Undergraduate researchers are an integral part of faculty research, but many PIs are concerned about the logistics of involving them in research remotely. When working with students remotely, you may need to take a more proactive approach to mentoring.

The following practices can support students’ learning and professionalization in the absence of the in-person interactions that normally take place in the lab

- Be human. Current circumstances are difficult for PI and student alike. Have honest and realistic expectations of the student, and of yourself!

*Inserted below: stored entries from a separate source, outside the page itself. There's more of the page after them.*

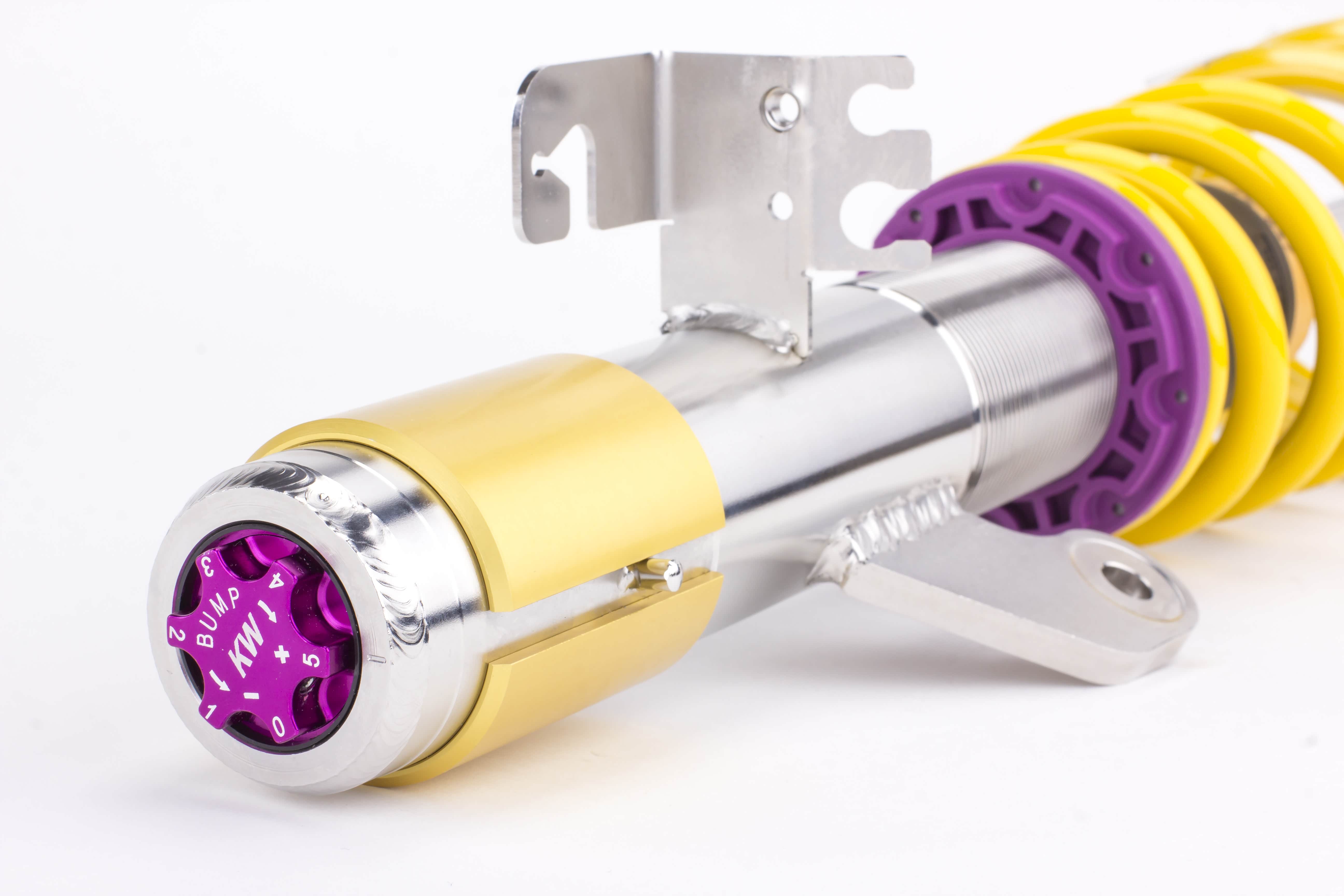 如果你已经在爱车上做出了一些操控上的改装,那么KW V3将进一步满足你的要求。你可以通过我们专利的KW-valve技术来独立调整回弹阻尼和压缩阻尼。底部的滚轮可以分12段精确调节压缩阻尼。
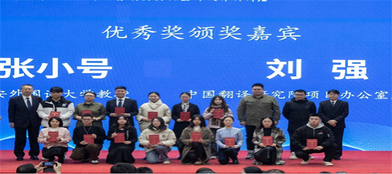 西安外国语大学高翻学院副院长张小号、中国翻译研究院项目办主任刘强为我校优秀奖获奖学生代表刘洪涛、任彦贞颁发证书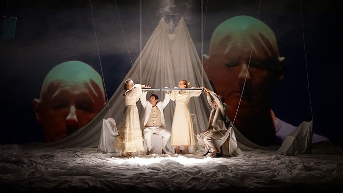 Un Jour est un spectacle de fantômes parce que les fantômes, comme les morts, existent et n'existent pas. Un jour est une histoire de revenants qui reviennent à leur façon hanter les vivants, c'est-à-dire au fond revivre avec eux.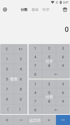 1、于本站完成安装后,点击进行打开操作,此时界面上会呈现整数、分子与分母的输入区域,还有运算符。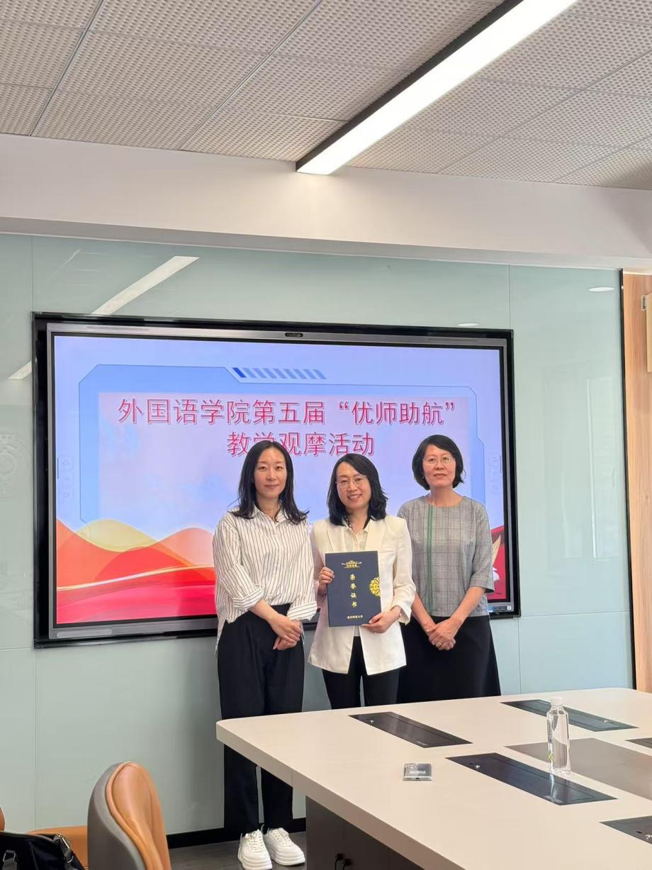 孙守峰老师和刘焱老师也分别从不同角度分享了自己的感想。孙守峰从跨文化教学视角指出,王秀香老师的课堂突破了传统语言教学偏重工具性的局限,在扎实培养语言技能的同时,创新性地融入了审美教育、批判性思维培养等元素,实现了语言能力与人文素养的协同发展。刘焱老师评价王秀香老师的课程为英语教学改革3.0版的典范,充分体现了教师持续精进的专业精神。该课程创新性地融合跨学科、跨文化内容,通过精心设计的教学框架引导学生易语言服务实践,既提升了学生的语言分析能力和审美素养,又实现了深度参与和多元成长的教学目标。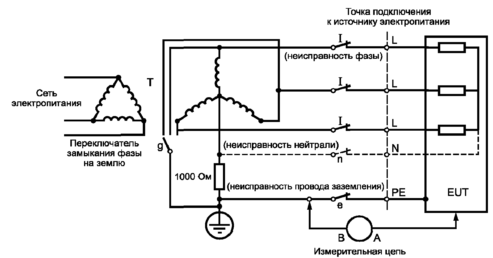 Производитель должен указать конфигурацию электросети с системой заземления (TN, TT, звезда IT и т.д.), к которой планируется подключить оборудование при его эксплуатации. Проверяемое оборудование должно подвергаться испытаниям при указанных конфигурациях или при наиболее неблагоприятном варианте.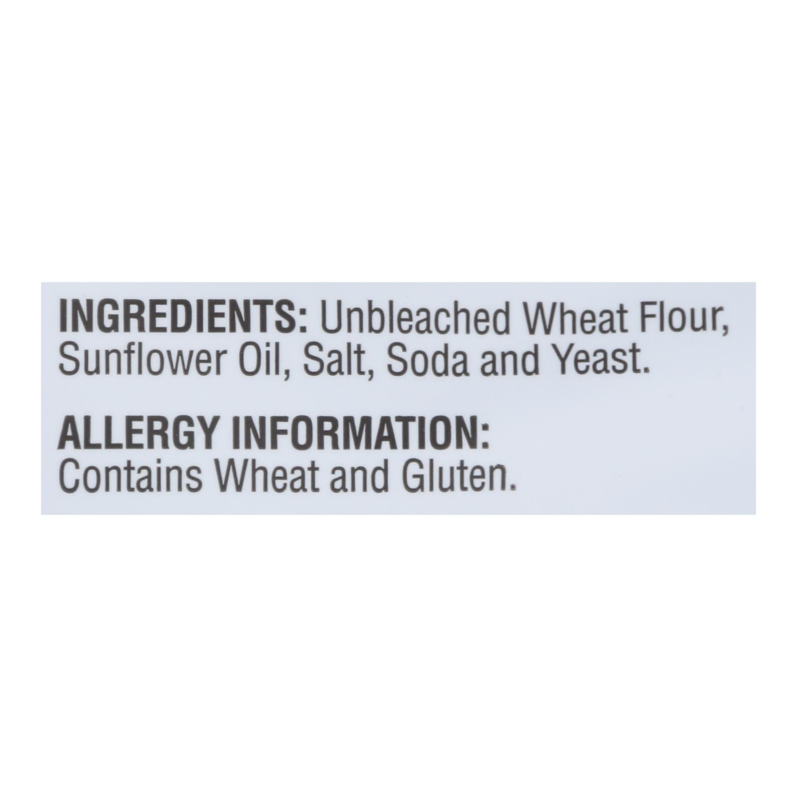 ingredients : unbleached wheat flour;sunflower oil;salt;soda and yeast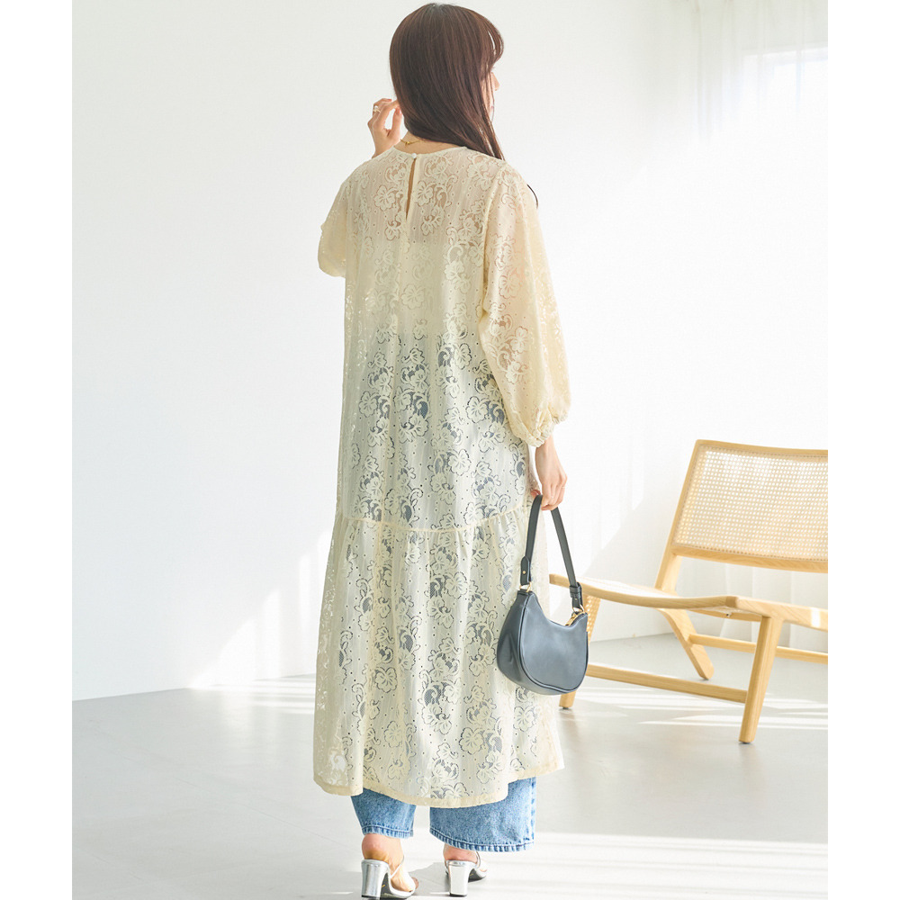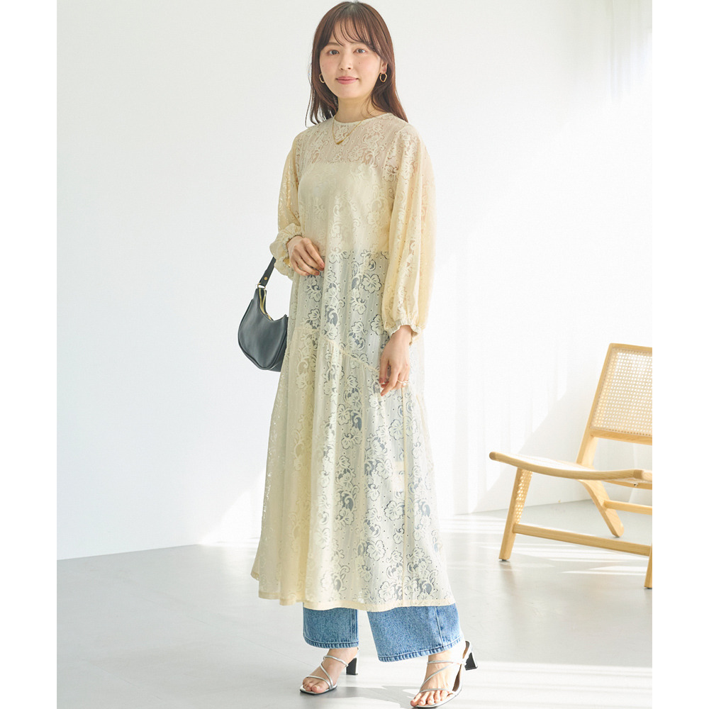 透け感が大人の女性らしい抜け感を演出します。インナーキャミワンピースがセットになっているのも嬉しいポイントです。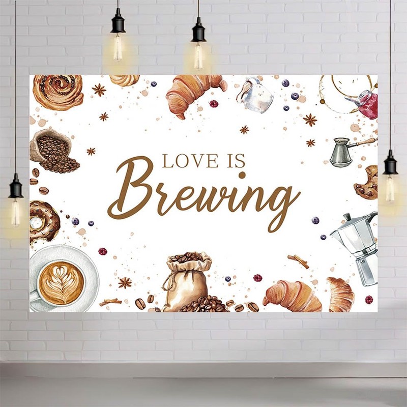 MEHOFOND 8x6ft Coffee Bridal Shower Backdrop Love is Brewing Wedding Photography Background Coffee Brunch Tea Bachelorette Engagement Party Decor Fall in Love Bride to Be Party Banner Photo Props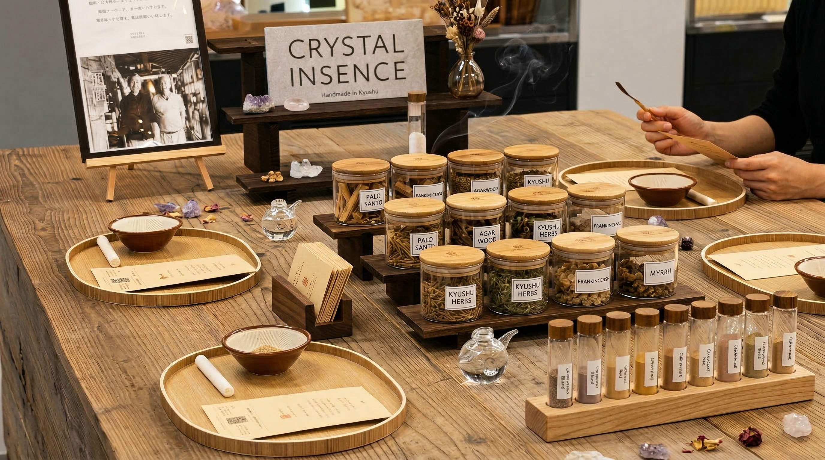 CRYSTAL INSENSEは福岡市内に工房を構え、九州産素材を使った無添加お香を職人が一つひとつ手づくりしているブランドです。「福岡発のものづくりブランド」×「福岡に誕生した新しい交流拠点」── 地元同士のコラボレーションだからこそ実現する、ここでしかできないワークショップです。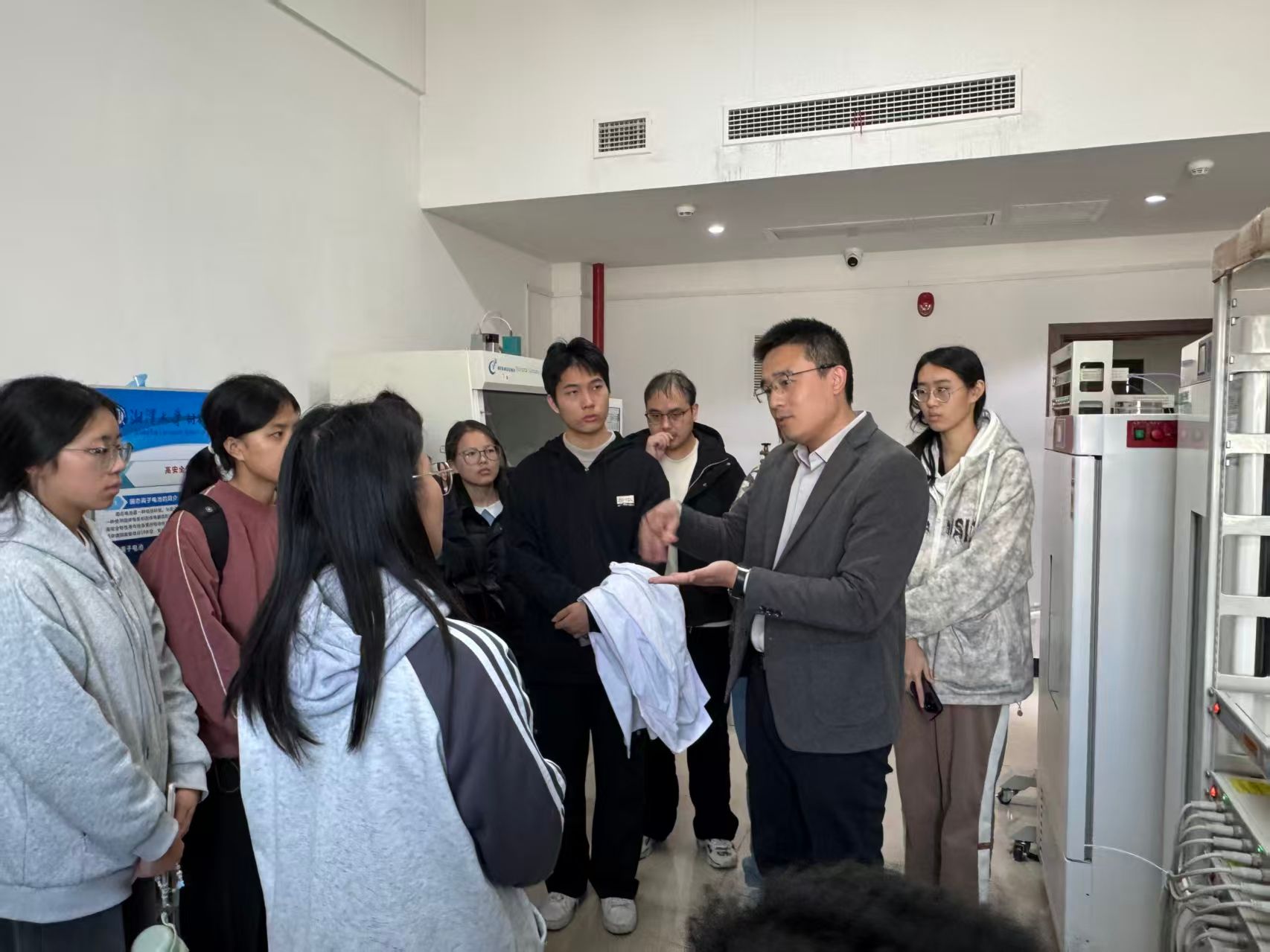 在张彪副教授的随行指导下,团队重点围绕低功耗电池技术路径展开探讨,对能源管理方案有了更清晰的认识;宋奎教授则从材料结构的角度出发,为同学们解析机械性能优化的可能方向,拓展了大家对功能材料设计的理解边界。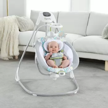 Ingenuity Simple Comfort ljuljaska je posebno dizajnirana kako bi za roditelje dan bio jednostavniji i prakticniji. Inovativno sedsite sa pdoesivim naslonom okrece se za 180 stepeni kako bi beba bila u sto boljem pogledu. Laki i cvrst okvir ima tockice i rucku kako bi sto jednostavnije transportovali ljuljasku na zeljeno mesto. Sa kontrolne table Gentle Touch prilagodite bebino umirivanje vibracijom,8 melodija, 3 zvuka prirode i beli sum. Podesava se tajmer na 30,45 ili 60 minuta. Tehnologija Vhisper Kuiet omogucava bebi da se ljulja u potpunoj tisini.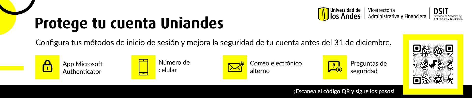 Cuando se vuelva a activar la autenticación en dos pasos en tu cuenta Uniandes, deberás configurar la app Authenticator en un dispositivo móvil. Consulta este video tutorial si tienes dudas sobre el proceso.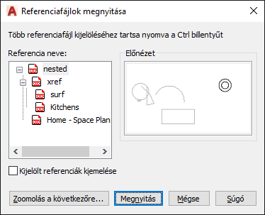 A Referenciafájlok megnyitása párbeszédpanel egy referenciafában az összes egymásba ágyazott xrefet megjeleníti. A kijelölt xref forrásfájlja egy külön rajzablakban nyílik meg, ahol szerkeszthető, menthető, majd bezárható a rajz.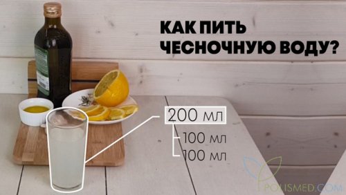 варианты применения снадобий. Чеснок с водой постоянно взбалтывать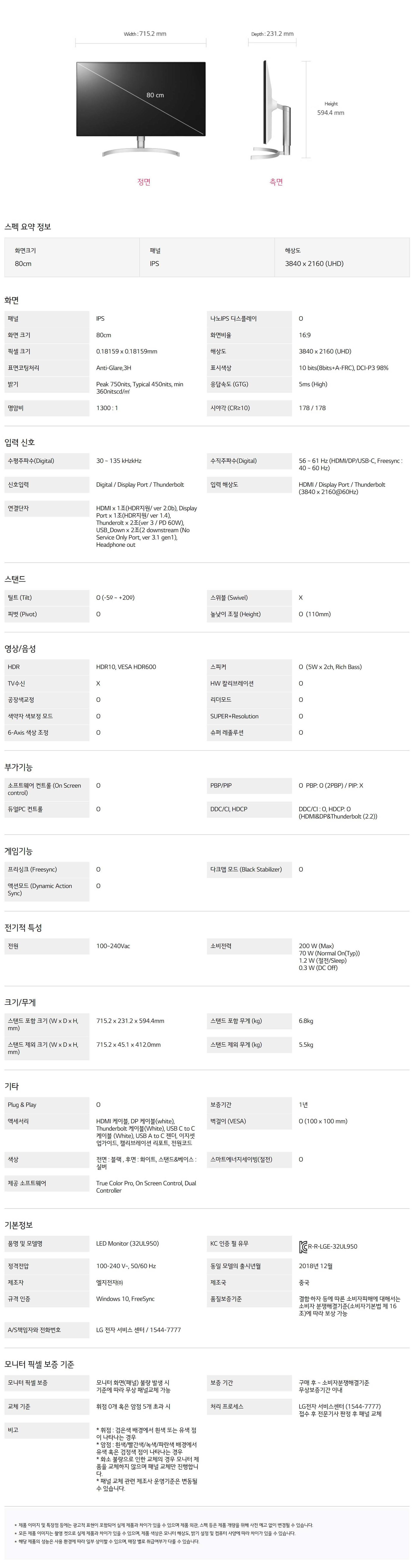 LG전자 울트라HD 모니터 32UL950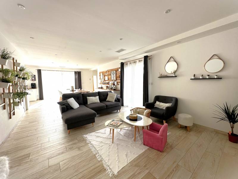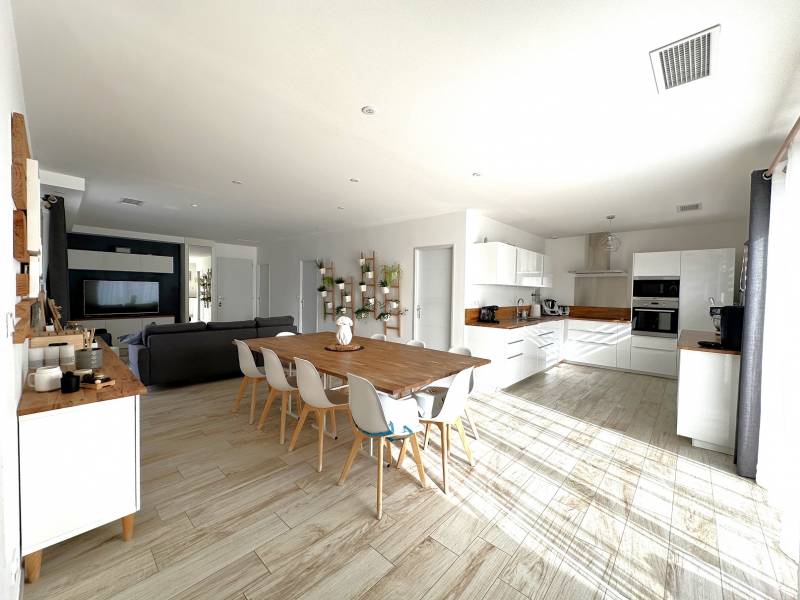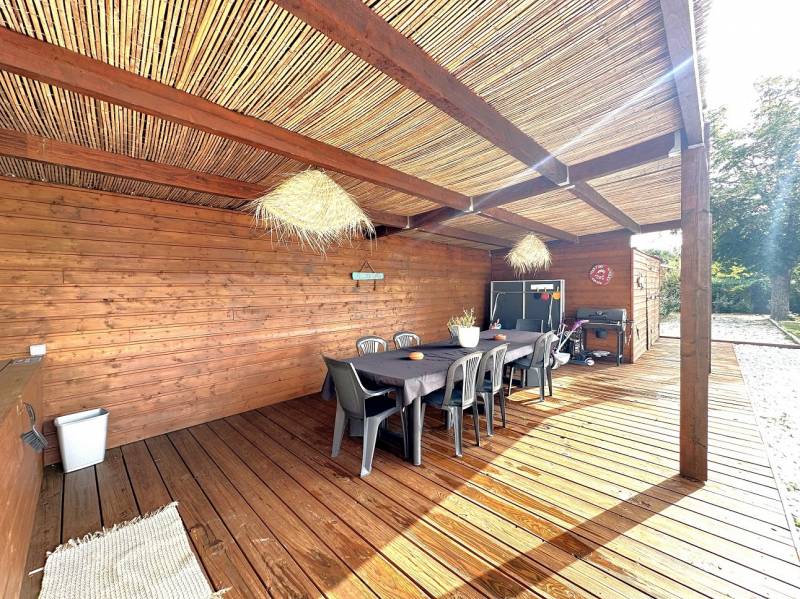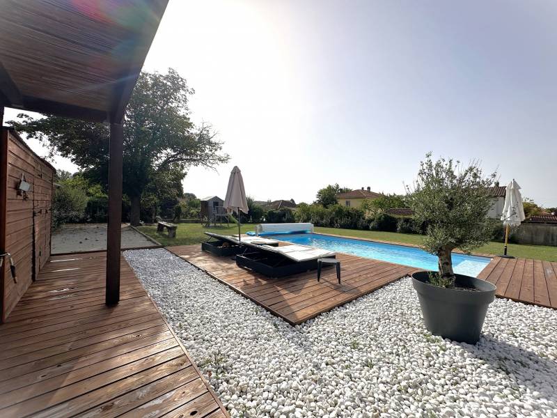 Le tout sur une parcelle de 993m² avec piscine, terrain de pétanque et cuisine d'été.

- Ensure equity of access. With the possibility of fewer undergraduate research opportunities, equity in access to these opportunities is increasingly important. The Eureka database of faculty research interests and projects can support such access. We strongly encourage faculty to update their profiles to better communicate ongoing remote research opportunities to all students.

- Communication. Regular interactions with student researchers (e.g., via Zoom) one to two times a week are strongly encouraged. Whether one-on-one or as an all-lab meeting, scheduled interactions are more important than ever for keeping students updated, accountable, and engaged with the work. Clearly setting deadlines and expectations is additionally helpful during remote learning.

- Feedback. Develop a plan with students for offering feedback on completed work. While such in-person feedback might be incidental in the lab, mentors may need to be more intentional about providing feedback remotely.

- Shadowing. If research assistants aren’t already paired up with a graduate student mentor, now is a good time to formalize plans for them to regularly meet with one. Small clusters of two to three students are also good for checking in on each other’s progress and well-being. Since students often learn by looking over a grad student mentor’s shoulder, student mentors may want to consider streaming video of their lab work (if feasible).

- Help students understand the importance of the research. Undergraduate research experiences often provide students with their first exposure to what it means to conduct research, and for many students, this experience can transform their educational and career goals. In order to help students working remotely experience the excitement that can come with this first exposure to research, make an effort to highlight for students the importance of the work, and the ways in which the remote research experience mirrors the experience students might have in a laboratory setting. Find ways to involve remote researchers in lab meetings and other conversations, to help them feel part of the project as a whole.

- Professional development. Virtual brown bag talks and reading groups can help acculturate undergraduates to your lab and your broader field. Encouraging students to attend virtual conferences can also assist with their professional development. The OUR offers online workshops on more discipline-general professional development.

- Resources. Help connect students to digital resources, such as online archives, video web series, blogs and websites by people within the field, or free software they can access on their home computers.

- Be aware of changing policies. Follow the guidance of the Office of the Vice President for Research on resuming research operations.

Consider involving undergraduate researchers in tasks that can be done remotely:

- Familiarizing themselves with your field. Students can remotely access and read foundational texts in your field’s literature. Learning theory now will be of use when they take a more hands-on role later. Many institutes now also share a host of videos on YouTube covering topics such as introductory training, introductions to research methods, as well as conversations with experts within their fields.

- Training in research skills. Some investigative or analytical techniques might have online training available to students, e.g., through UTLearn or LinkedIn Learning. Students can get a head start learning programming languages (e.g., R; Python) or specific statistical tests you use in your work. Again, YouTube is another great resource for learning how to use software they may work with during their research (e.g. QGIS and Blender).

- Training in research ethics. Students can use this time to learn about the IRB process, current issues in your field, or research ethics more broadly.

- Involve them in the data pipeline. With limited lab access, faculty, postdocs, and graduate students may be back in labs before undergraduates. Having the former collect data that the latter can process or analyze can keep your undergraduates involved in the pipeline.

- Revisiting old data. Conducting additional analyses on old data, or even just re-analyzing it as an exercise, can give students direct experience with this part of your research.

- Designing experiments. While the experiment itself might need to be delayed, you can work with students to design future projects remotely. Some design work, e.g., creating Qualtrics surveys, developing exercises for future group activities, or coding behavioral experiments, may be possible remotely.

- Collecting data remotely. If students can use a remote desktop application to access specialized software or archives, or if they can interact with human subjects via Zoom or phone, they may be able to collect data remotely. When applicable, students might also explore online collection methods like MTurk.

- Creating materials. In many cases, students can code data, digitize existing materials, or build databases remotely.

- Coding for meta-analysis. Training research assistants to code data for meta-analysis can open up new avenues of investigation.

- Contributing to writing. Even if your undergraduates aren’t ready to contribute text to an article for publication, they may be able to write literature reviews or annotated bibliographies.